Die Bedeutung großer Laufräder und guter Reifen

Im direkten Vergleich zwischen unterschiedlichen Modellen und Herstellern rollen vor allen Dingen die großen Laufräder optimal und weisen einen Aufbau auf, der einen zuverlässigen Gripp garantiert. Nur so kann euer Hund mit minimalem Energieaufwand maximale Leistungen vollbringen.

In den letzten Dogscooter Offroad Praxistests konnte herausgefunden werden, dass vor allen Dingen mit großen Vorderrädern und einem großzügigen Reifendurchmesser auch die Intensität von Schlägen herabgesetzt worden. Ihr fahrt so viel leichter über Wurzeln und Steine.

Mit diesen Modellen werdet ihr schlauchlos glücklich, denn die führenden Hersteller gehen keinerlei Kompromisse im Hinblick auf das Material und die Verarbeitung ein, was sich schlussendlich in der Qualität und in der Wertigkeit sowie in der Haltbarkeit der Reifen bemerkbar macht.

Dogscooter Offroad: Ein idealer Ausgleich für Hunde

Mit der Markteinführung der Reifensysteme und der neuesten Offroad Tretroller für das Gelände und für mittelgroße Hunde bietet sich eine ideale Möglichkeit für die geistige und körperliche Auslastung jedes Vierbeiners in der Freizeit. Ihr benötigt nichts weiter, als eines dieser Fahrgeräte, ein spezielles Geschirr und einen motivierten Hund.

Wer an der falschen Stelle spart und einen zu günstigen oder klapprigen Scooter kauf der kann beim Offroad fahren sein blaues Wunder erleben. Lieber einen neuen Roller ersparen, auf Kredit kaufen oder den alten weiter benutzen.

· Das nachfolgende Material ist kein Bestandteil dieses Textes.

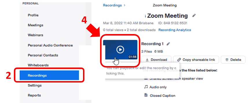 - Gehe zu „Besprechungen“ > „Aufgenommen“ um auf Cloud-Aufzeichnungen zuzugreifen.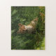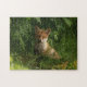 Un rompecabezas con una fotografía que muestra un lindo zorro bebé de piel roja y blanca. Rodeado de hojas y hierbas verdes.

Offroad E-Scooter: Die besten Modelle für unbefestigte Wege

Elektroroller sind mehr als nur Schönwetter-Gadgets. Mit ordentlicher Federung, stabiler Verarbeitung und starkem Motor eignen sich E‑Scooter auch für unbefestigte Wege. Dabei lohnt es sich beim E-Scooter-Kauf grundsätzlich, auf diese drei Attribute Wert zu legen, erhöhen sie doch den Fahrkomfort auch im urbanen Umfeld.

Für unsere Bestenliste Offroad-E-Scooter haben wir aus unseren über 80 Einzeltests die zehn Elektroroller mit Straßenzulassung herausgesucht, welche am sichersten über unbefestigte Wege heizen.

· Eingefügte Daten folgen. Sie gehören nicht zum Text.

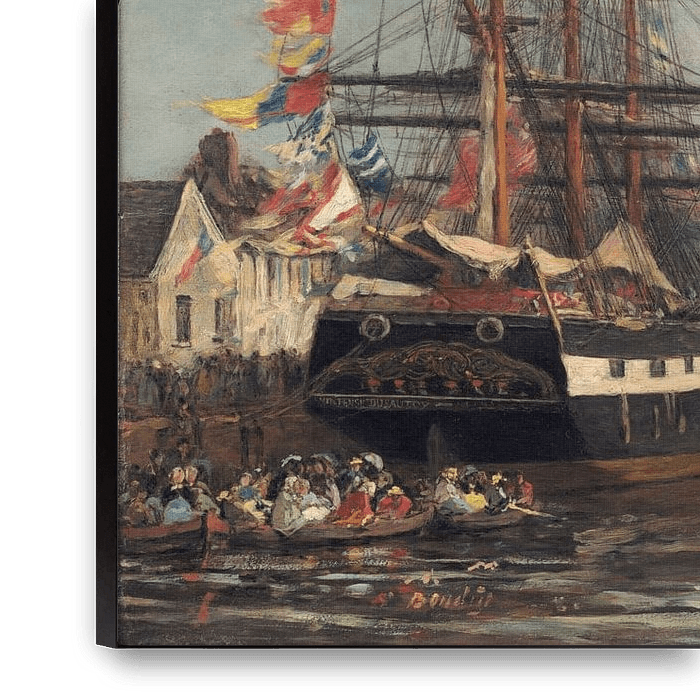 Journée du drapeau avec des navires décorés Honfleur est une ville de France. Il se trouve en Normandie, sur la rive sud de l'estuaire de la Seine, en face du Havre. Eugene Boudin (Honfleur, 12 juillet 1824 - Deauville, 8 août 1898) était un peintre, dessinateur et graveur français. Il est principalement connu pour ses paysages marins…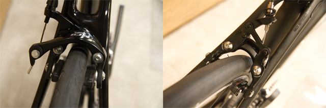 まずはブレーキ。今回はキャリパーブレーキモデル同士での比較となります。現行Domaneはデュアルピボット方式のシングルボルトオンブレーキ(=これまでのノーマルタイプ)で取り付けしていましたが、Domane SLRは新規格となるダイレクトマウント方式に変更されました。この方式は2本のボルトでブレーキをフレームに固定する事でブレーキ制動力をUPさせ、さらに軽量化につながるというメリットが多いもの。写真のブレーキはBontrager製のものですが、SHIMANO Dura-Ace / ULTEGRA / 105モデルのダイレクトマウントブレーキも用意されています。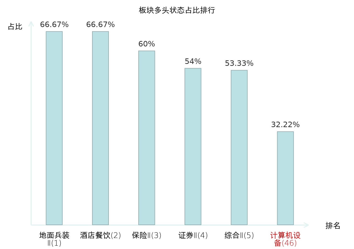 全市场所有行业板块中主力多头状态占比排名中,地面兵装Ⅱ板块位居第一。计算机设备板块名次提升最快,较昨日上升48位。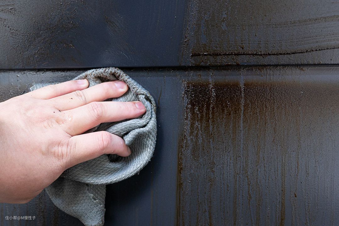 更多油烟分离的油渍会留在底部的废液盘,同样使用洗洁精加抹布就能完成清洁。

Die Top 3 Offroad-E-Scooter

  1. Segway Ninebot Max G3 D: Souverän steht er an der Spitze dieser und auch der allgemeinen Bestenliste der E-Scooter und kostet 949 Euro.
  2. Navee ST3 Pro: Für 699 Euro glänzt dieser Roller mit seiner exzellenten Federung sowie starkem Motor.
  3. Joyor Y8-S: Wer sparen will, bekommt mit dem Joyor Y8-S einen kräftigen Offroader mit immens großem Akku für nur 469 Euro.

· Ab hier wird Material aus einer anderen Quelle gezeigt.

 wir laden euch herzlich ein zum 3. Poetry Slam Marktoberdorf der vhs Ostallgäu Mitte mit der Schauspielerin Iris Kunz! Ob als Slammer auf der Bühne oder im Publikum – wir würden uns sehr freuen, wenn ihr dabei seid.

Weitere empfohlene Modelle

  • Epowerfun EPF-Pulse für 989 Euro
  • Egret Ey! 1 für 970 Euro
  • Ninebot ZT3 Pro D für 769 Euro
  • Trittbrett Fritz für 1389 Euro (mit Gutscheincode TechStage10)
  • Xiaomi Mi 4 Ultra für 669 Euro
  • Slidefox NT für 849 Euro
  • Streetbooster Pollux für 1299 Euro

Technische Daten: Worauf muss ich beim Kauf eines E-Rollers achten?

Eine solide Verarbeitung bieten mittlerweile die meisten elektrischen Scooter jenseits der 500-Euro-Marke. Hier sollte man darauf achten, dass die Lenkstange kaum wackelt und keine Teile leicht abzubrechen drohen. Der Lenker sollte zudem hoch und breit genug sein und das hintere Schutzblech fest sitzen. Die maximale Zuladung sollte zum eigenen Körpergewicht passen. Der Faltmechanismus muss leichtgängig, aber dennoch stabil sein.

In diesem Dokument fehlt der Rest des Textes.